YOUR TASK: Write out the records that follow exactly. Do not include pictures.

INFORMATION PROVIDED section start

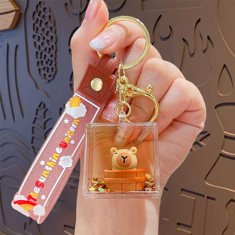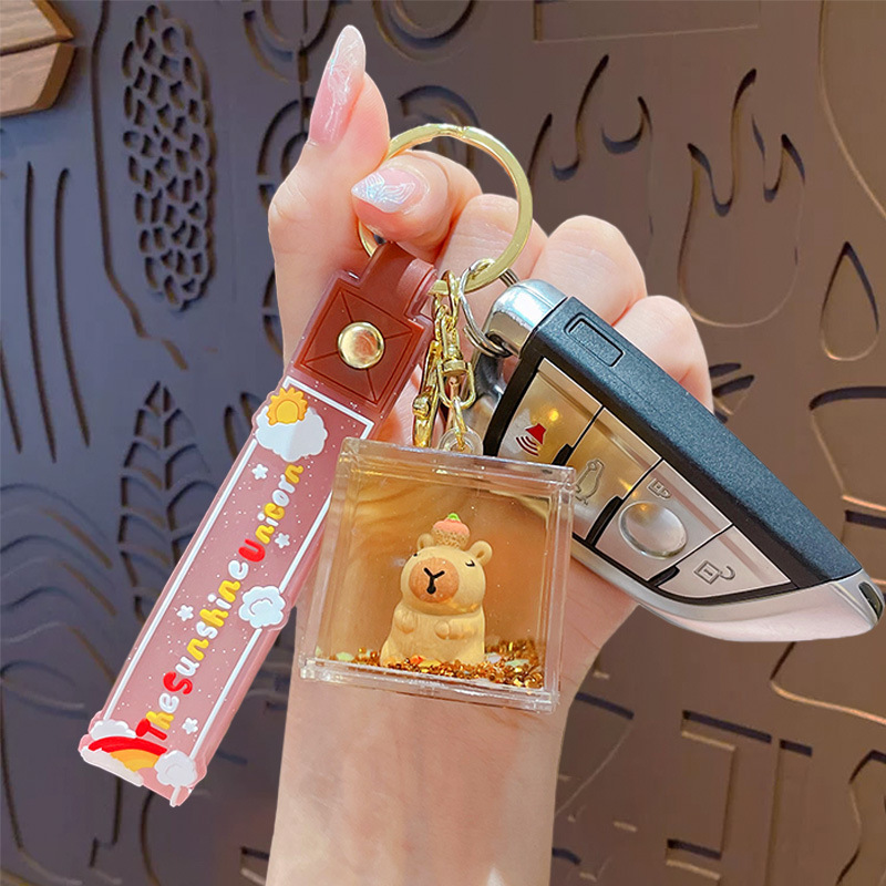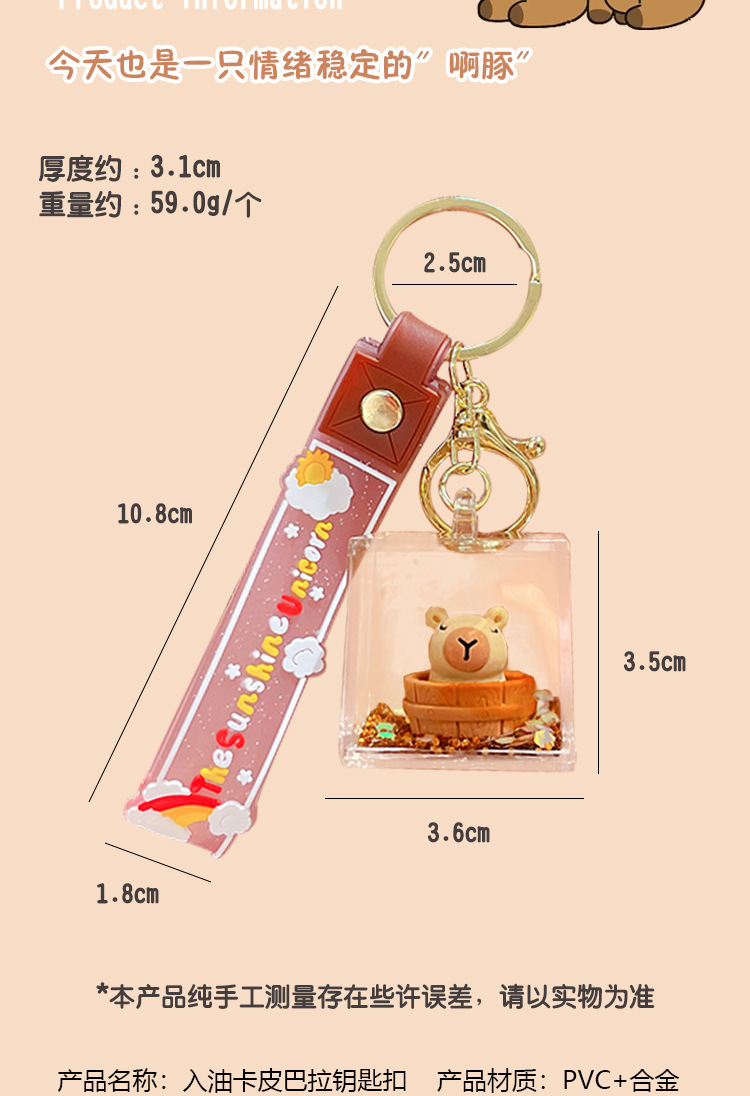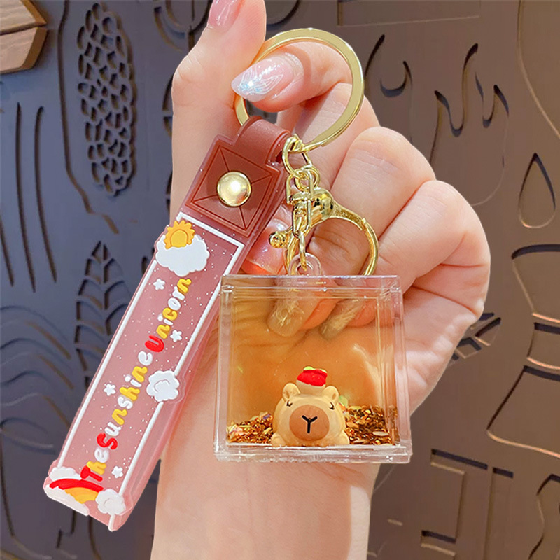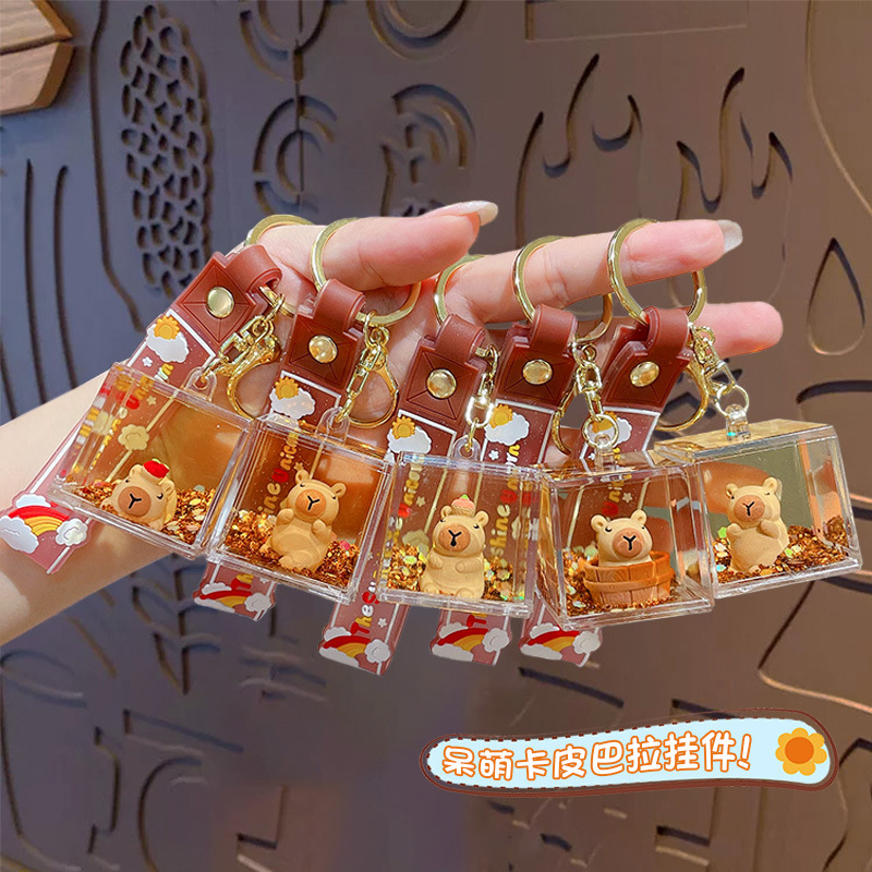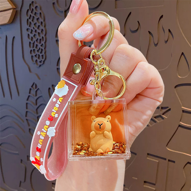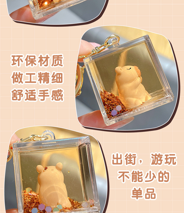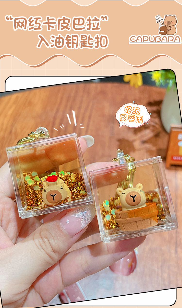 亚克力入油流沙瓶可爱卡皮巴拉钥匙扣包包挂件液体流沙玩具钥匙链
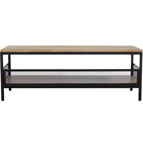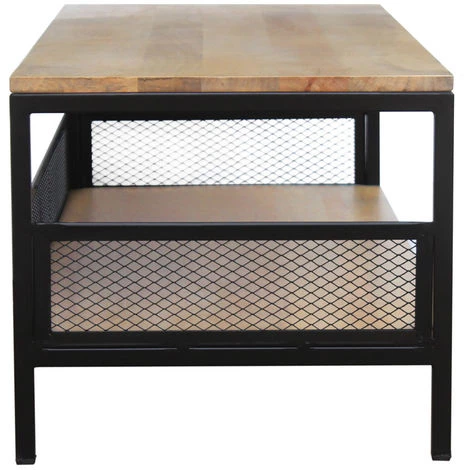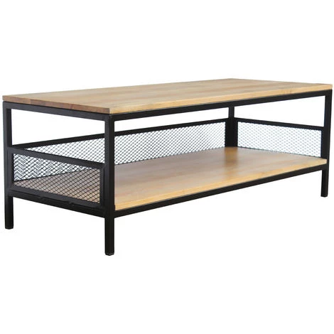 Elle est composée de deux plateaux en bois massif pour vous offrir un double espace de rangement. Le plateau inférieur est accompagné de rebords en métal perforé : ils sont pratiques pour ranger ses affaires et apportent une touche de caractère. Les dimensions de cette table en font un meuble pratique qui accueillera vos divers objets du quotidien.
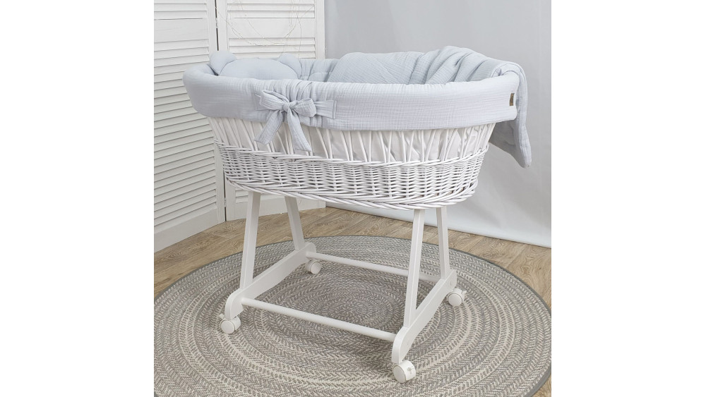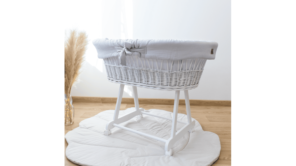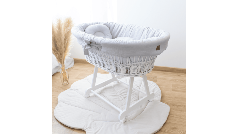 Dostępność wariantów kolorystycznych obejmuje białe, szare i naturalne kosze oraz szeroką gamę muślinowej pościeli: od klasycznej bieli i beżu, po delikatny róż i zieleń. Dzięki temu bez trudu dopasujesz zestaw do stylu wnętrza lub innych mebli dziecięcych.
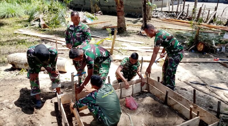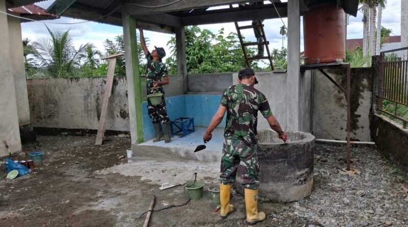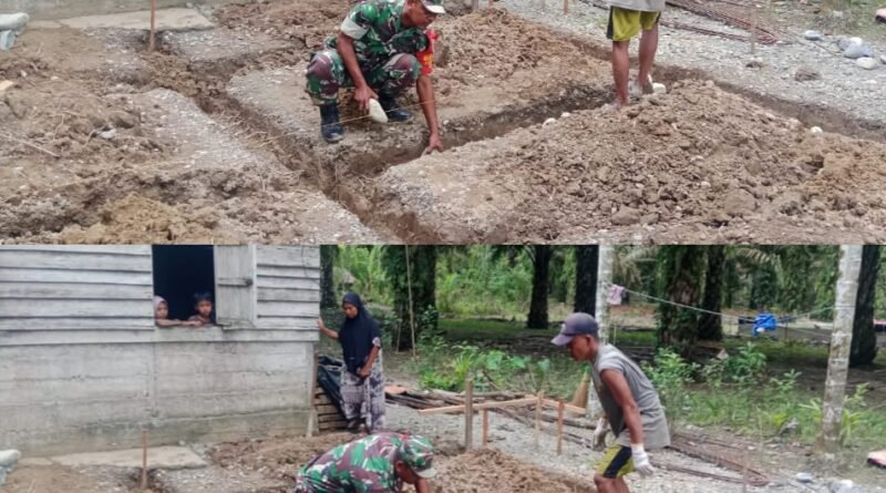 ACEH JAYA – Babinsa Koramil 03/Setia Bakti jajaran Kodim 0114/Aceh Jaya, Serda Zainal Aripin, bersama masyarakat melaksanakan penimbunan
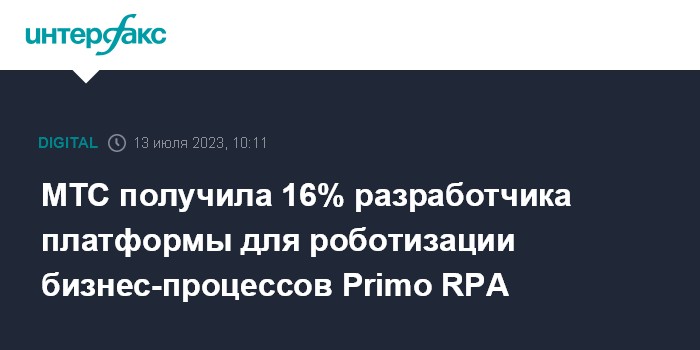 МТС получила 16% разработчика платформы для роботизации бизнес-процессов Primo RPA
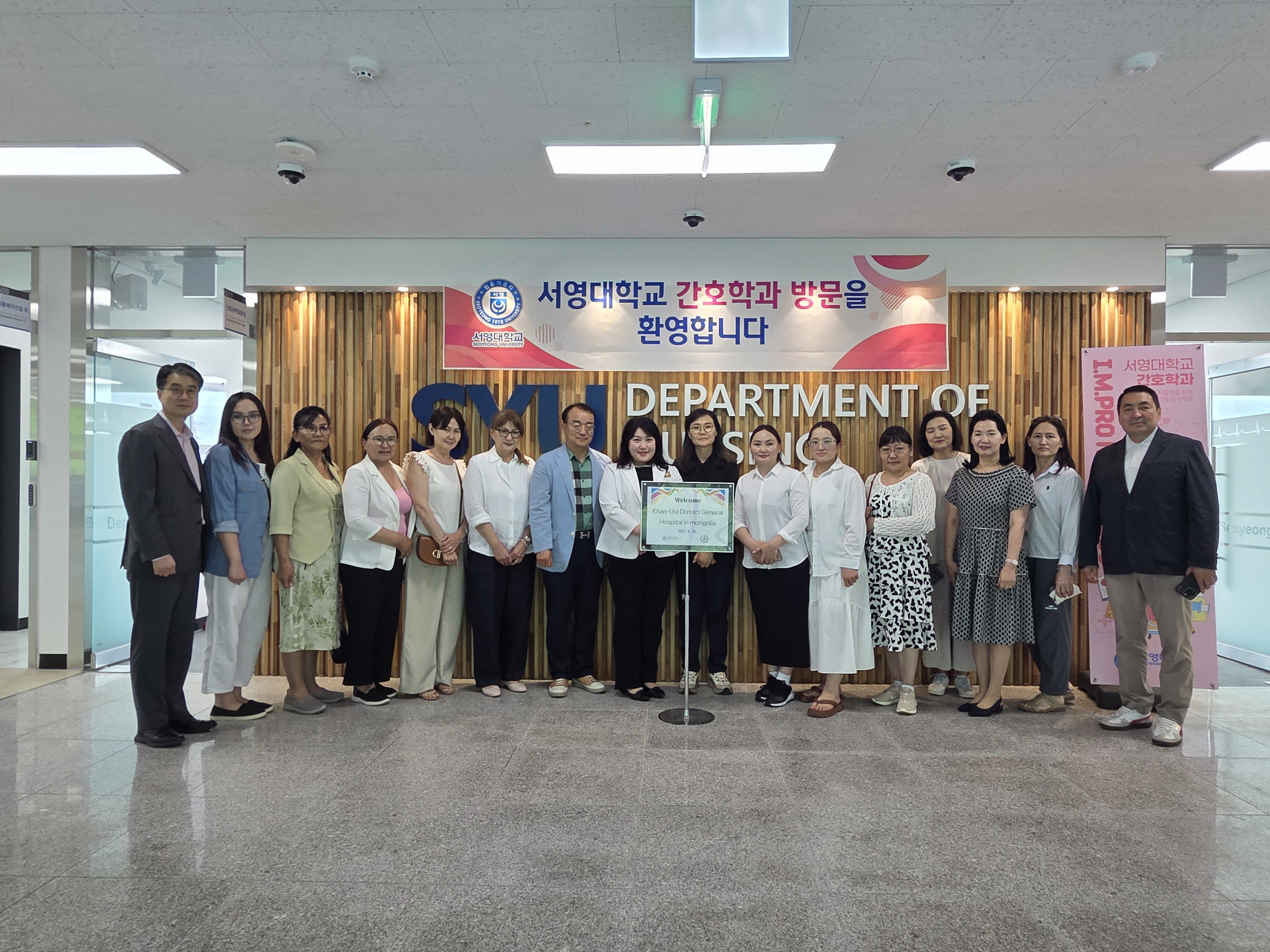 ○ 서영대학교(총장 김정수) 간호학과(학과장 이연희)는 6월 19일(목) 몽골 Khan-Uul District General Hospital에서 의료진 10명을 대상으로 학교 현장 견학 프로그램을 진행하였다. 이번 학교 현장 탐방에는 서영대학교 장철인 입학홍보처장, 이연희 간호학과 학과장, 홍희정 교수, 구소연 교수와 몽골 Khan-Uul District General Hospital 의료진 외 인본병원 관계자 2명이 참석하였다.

INFORMATION PROVIDED section end

ANSWER FOR THIS EXERCISE:
 亚克力入油流沙瓶可爱卡皮巴拉钥匙扣包包挂件液体流沙玩具钥匙链
 Elle est composée de deux plateaux en bois massif pour vous offrir un double espace de rangement. Le plateau inférieur est accompagné de rebords en métal perforé : ils sont pratiques pour ranger ses affaires et apportent une touche de caractère. Les dimensions de cette table en font un meuble pratique qui accueillera vos divers objets du quotidien.
 Dostępność wariantów kolorystycznych obejmuje białe, szare i naturalne kosze oraz szeroką gamę muślinowej pościeli: od klasycznej bieli i beżu, po delikatny róż i zieleń. Dzięki temu bez trudu dopasujesz zestaw do stylu wnętrza lub innych mebli dziecięcych.
 ACEH JAYA – Babinsa Koramil 03/Setia Bakti jajaran Kodim 0114/Aceh Jaya, Serda Zainal Aripin, bersama masyarakat melaksanakan penimbunan
 МТС получила 16% разработчика платформы для роботизации бизнес-процессов Primo RPA
 ○ 서영대학교(총장 김정수) 간호학과(학과장 이연희)는 6월 19일(목) 몽골 Khan-Uul District General Hospital에서 의료진 10명을 대상으로 학교 현장 견학 프로그램을 진행하였다. 이번 학교 현장 탐방에는 서영대학교 장철인 입학홍보처장, 이연희 간호학과 학과장, 홍희정 교수, 구소연 교수와 몽골 Khan-Uul District General Hospital 의료진 외 인본병원 관계자 2명이 참석하였다.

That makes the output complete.